EXTRACTED ENTRIES:
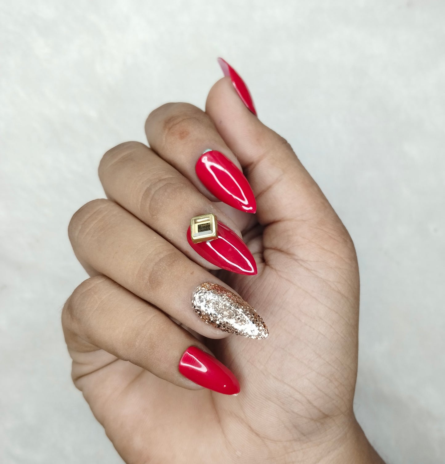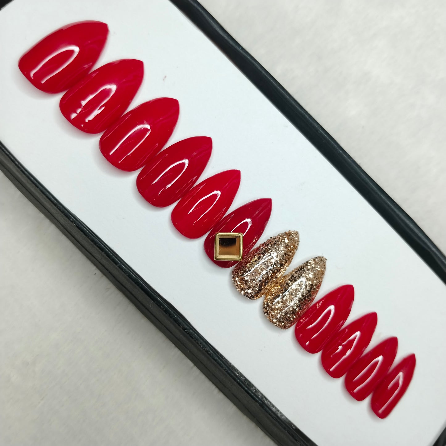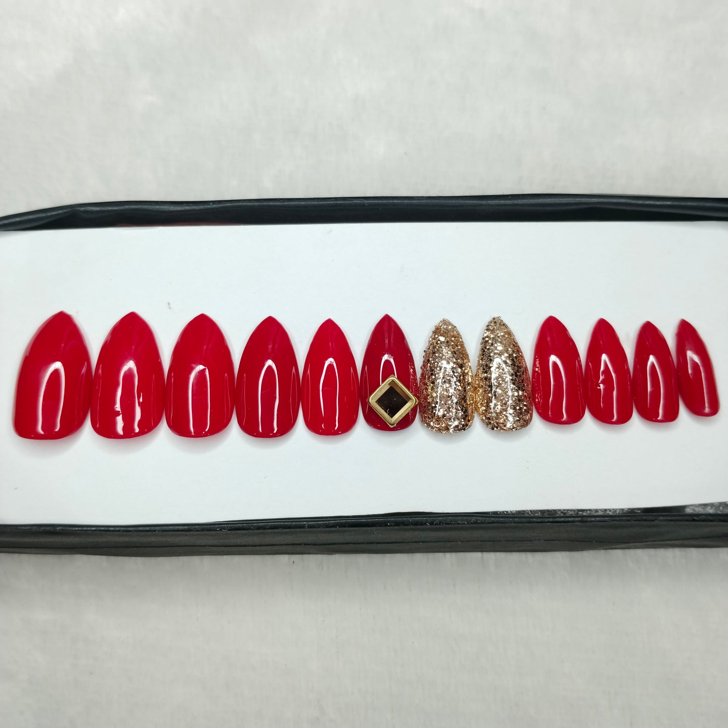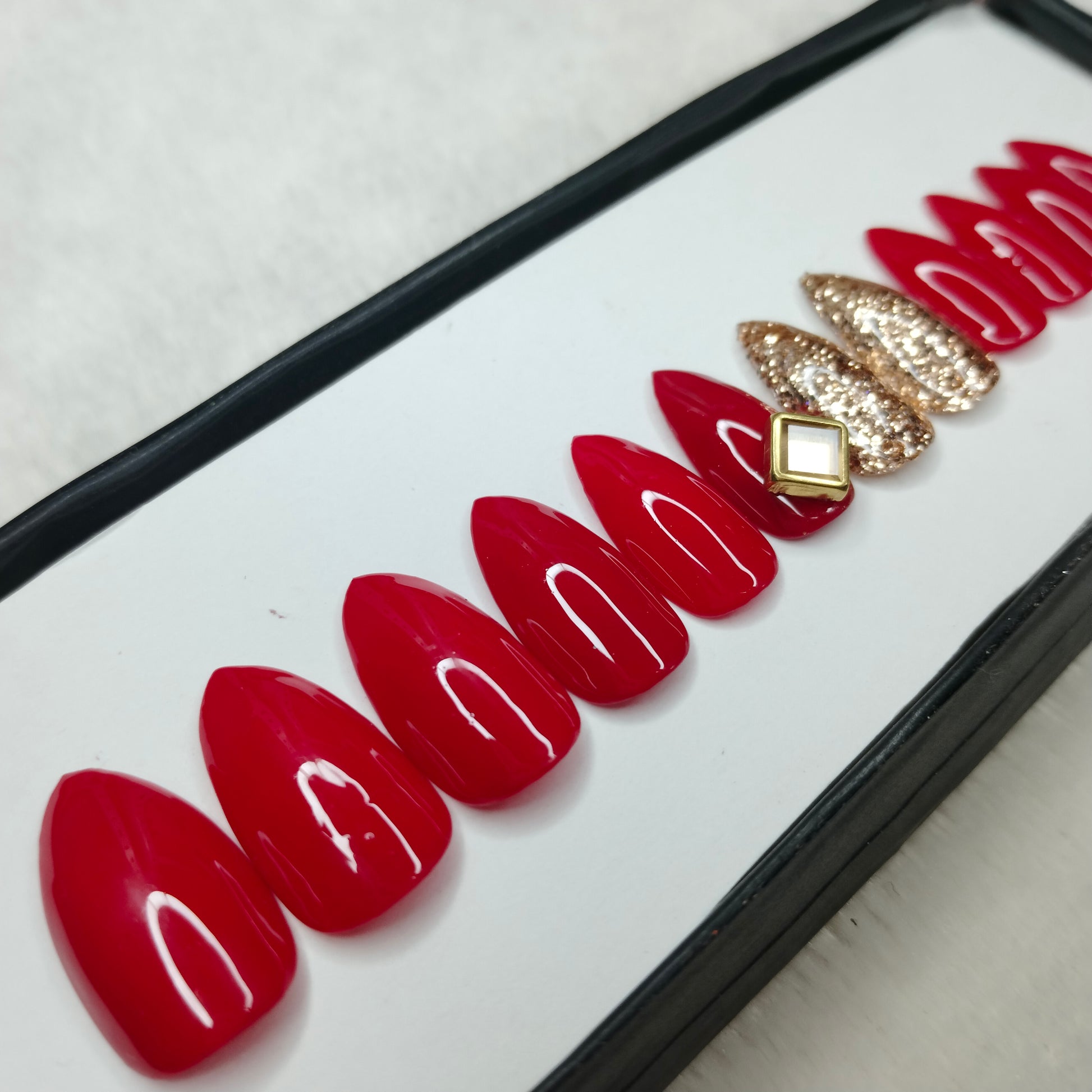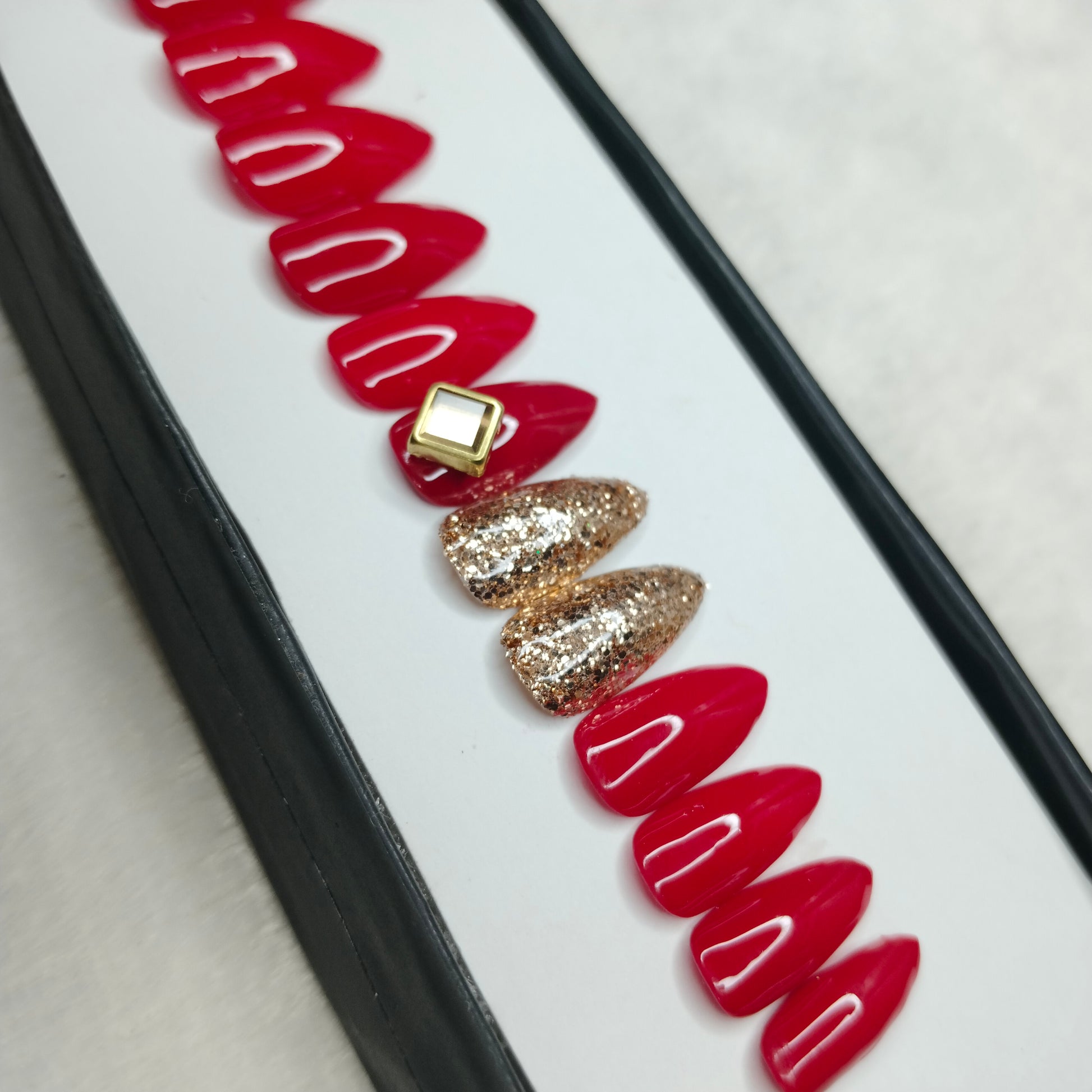 The NailzStation Glossy Red 3D Studded Glitter Press on Fake Artificial Nails Set with glue, filer, sticker application kit // 1203
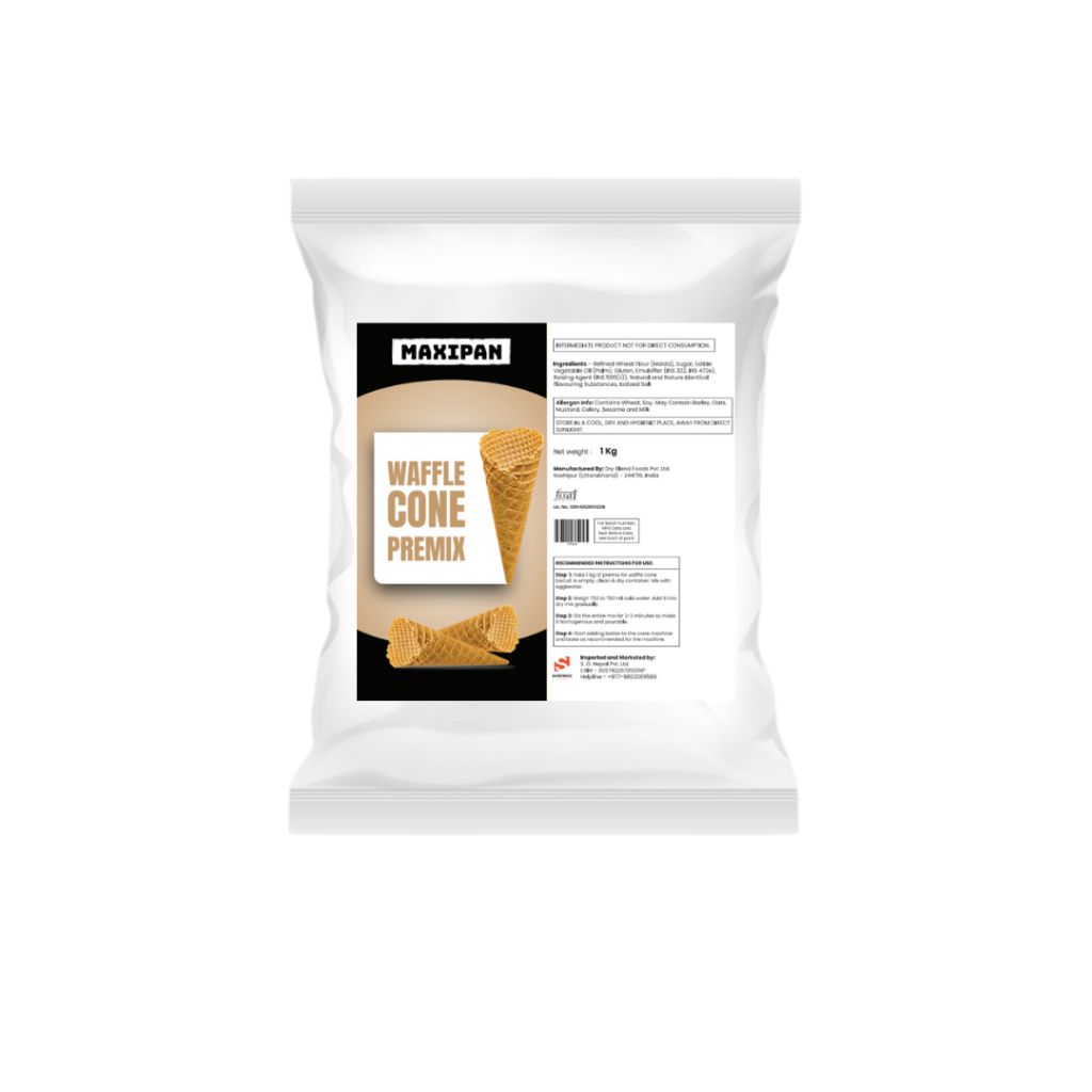 Elevate your ice cream and dessert offerings with Maxipan Waffle Cone Mix - 1kg, a premium ready-to-use premix from Sarawagi Group’s MAXIPAN brand, crafted for professional ice cream parlors, cafes, bakeries, and home enthusiasts. This versatile, eggless powder blend combines wheat flour, sugar, leavening agents, and natural vanilla for a sweet, buttery flavor, producing light, crispy waffle cones with a golden-brown exterior and subtle crunch. Simply add water to create a smooth batter that yields approximately 50-60 standard-sized cones per pack, ensuring consistent results and authentic homemade taste without the hassle of from-scratch recipes.
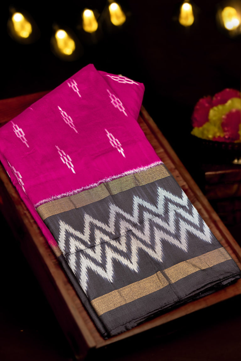 Varamahalakshmi Pink & Black Ikat Ikat Saree
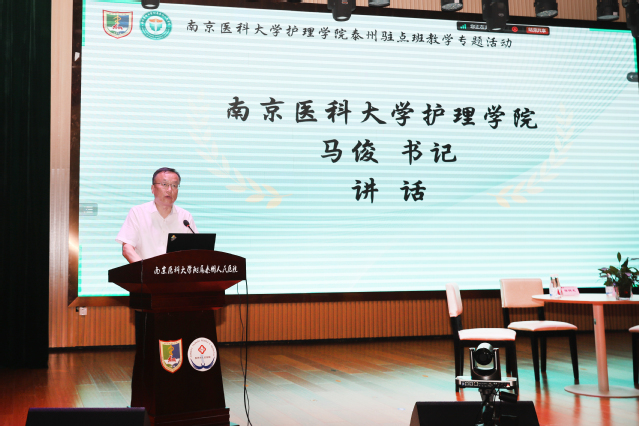 为深化校院协同育人,促进护理学科发展,提升驻点教学质量,8月20日下午,MK体育(中国)党委书记马俊、院长许勤、副书记高兰天、副院长嵇艳等一行8人赴附属泰州人民医院开展驻点教学专题活动。附属泰州人民医院院长陈明龙、副院长周成林及王觉进等9人出席。本次活动采取线上、线下结合的方式,南京医科大学各附属医院的数百名护理教师参加。
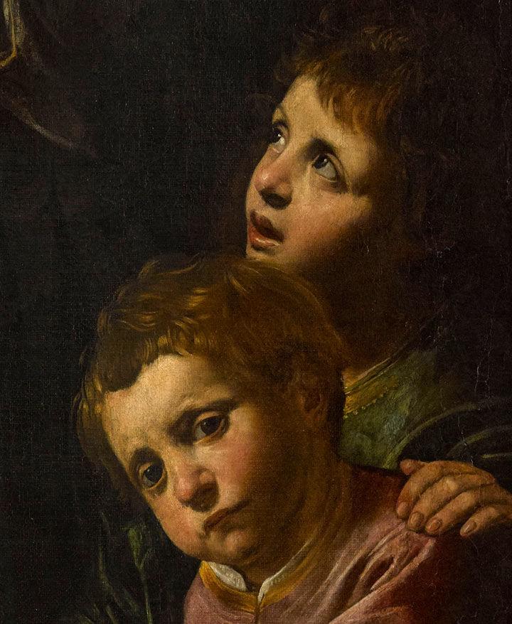 Two children wonder why their mother has been dragged before a judge; one turns to ask us why. Valentin de Boulogne (French, 1591–1632). The Judgement of Daniel, or The Innocence of Susanna (detail), 1625. Oil on canvas; 68 7/8 x 83 in. Musée du Louvre, Paris (Inv. 8245)
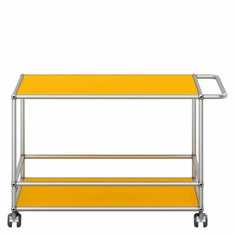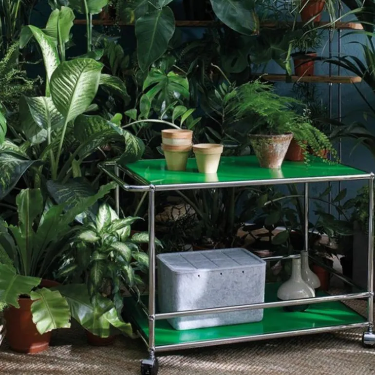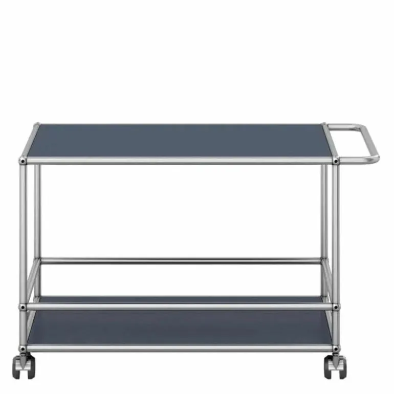 Doordat USM alleen de meest hoogwaardige en verfijnde materialen bij de productie van de Haller Trolley gebruikt, heeft de trolley een zeer lange levensduur. Het verchroomde stalen frame ziet er bijzonder stijlvol uit en is uitgevoerd met de legendarische gepatenteerde USM-verbindingskogels. De inlegborden van de trolley zijn gemaakt van gepoedercoat plaatstaal. Kies uit 14 USM kleuren om de trolley perfect af te stemmen op uw inrichting.r
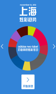 下载并安装后,通过APP步骤指引,进入炫酷游戏 ,和adidas NEO Label一起打造你的炫彩冬日,分享即可参加抽奖!
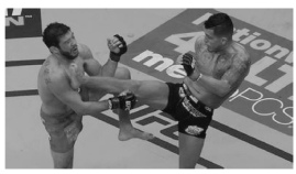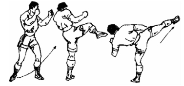 动作说明:左脚上前一步,右腿屈膝提起,脚面绷直,大腿带动小腿,用脚面猛力前弹踢出,可伤及敌心窝、腹部、裆部及下颌。
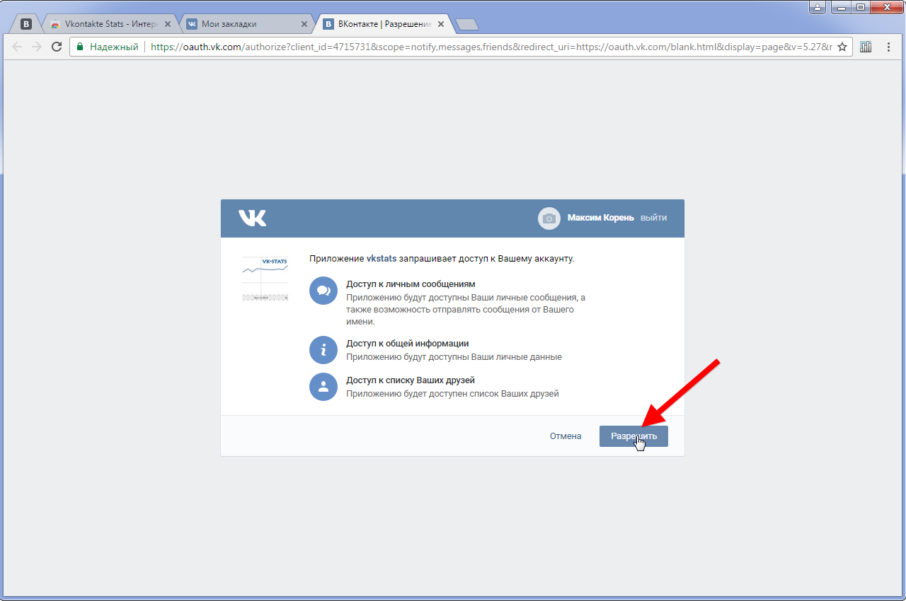 4. Выполняем авторизацию в социальной сети Вконтакте.

TASK INSTRUCTIONS: Output exactly the lines of the listing above that start with the one holding "Two children wonder" and go on through the one holding "Doordat USM alleen"; leave the pictures out.

OUTPUT FOR THIS TASK:
 Two children wonder why their mother has been dragged before a judge; one turns to ask us why. Valentin de Boulogne (French, 1591–1632). The Judgement of Daniel, or The Innocence of Susanna (detail), 1625. Oil on canvas; 68 7/8 x 83 in. Musée du Louvre, Paris (Inv. 8245)
 Doordat USM alleen de meest hoogwaardige en verfijnde materialen bij de productie van de Haller Trolley gebruikt, heeft de trolley een zeer lange levensduur. Het verchroomde stalen frame ziet er bijzonder stijlvol uit en is uitgevoerd met de legendarische gepatenteerde USM-verbindingskogels. De inlegborden van de trolley zijn gemaakt van gepoedercoat plaatstaal. Kies uit 14 USM kleuren om de trolley perfect af te stemmen op uw inrichting.r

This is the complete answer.